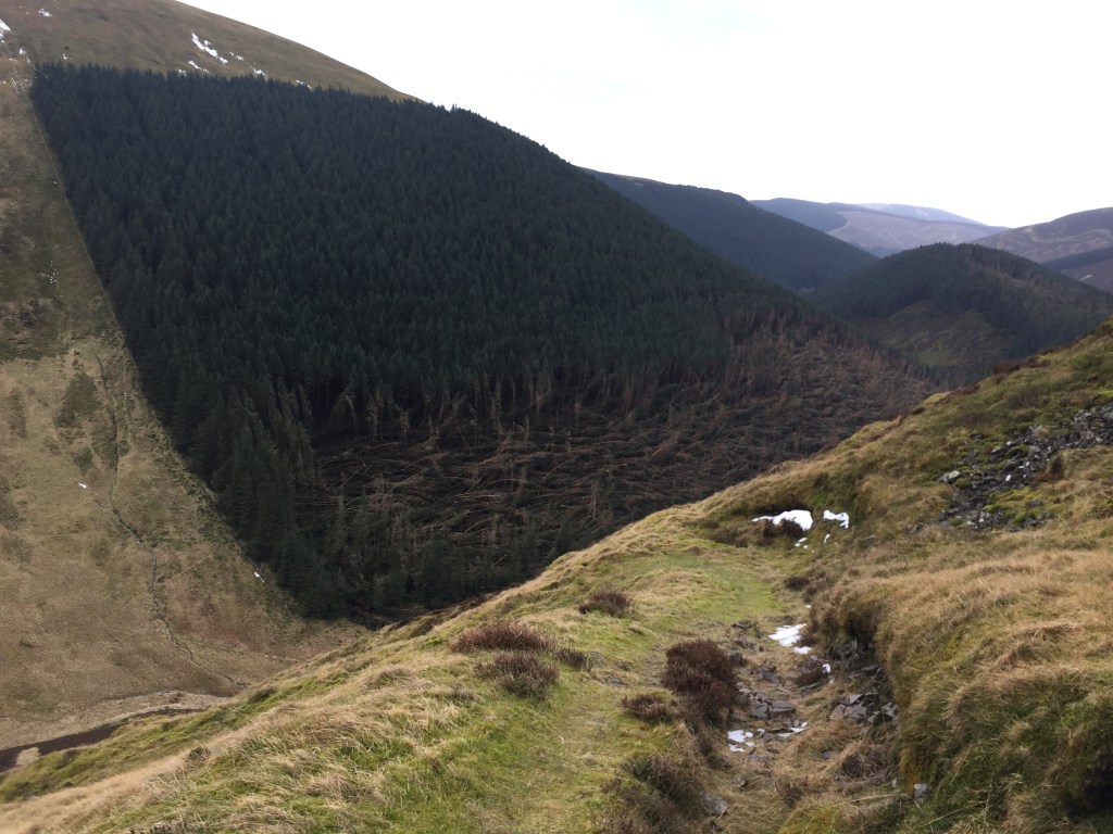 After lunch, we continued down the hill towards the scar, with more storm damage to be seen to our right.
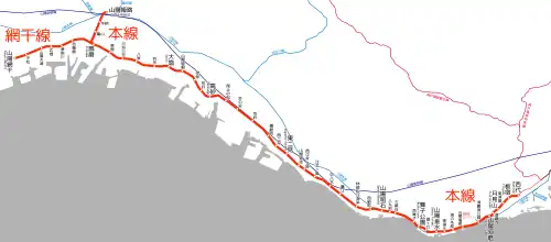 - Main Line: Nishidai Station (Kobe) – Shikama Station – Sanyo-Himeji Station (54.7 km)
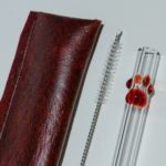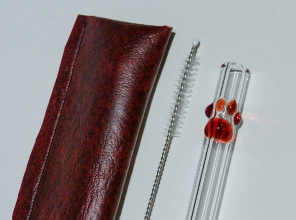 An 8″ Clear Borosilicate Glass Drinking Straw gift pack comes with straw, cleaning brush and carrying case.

- **Exercise goal**: Retype the listing exactly. Leave the pictures out.

- **Task result**:
 After lunch, we continued down the hill towards the scar, with more storm damage to be seen to our right.
 - Main Line: Nishidai Station (Kobe) – Shikama Station – Sanyo-Himeji Station (54.7 km)
 An 8″ Clear Borosilicate Glass Drinking Straw gift pack comes with straw, cleaning brush and carrying case.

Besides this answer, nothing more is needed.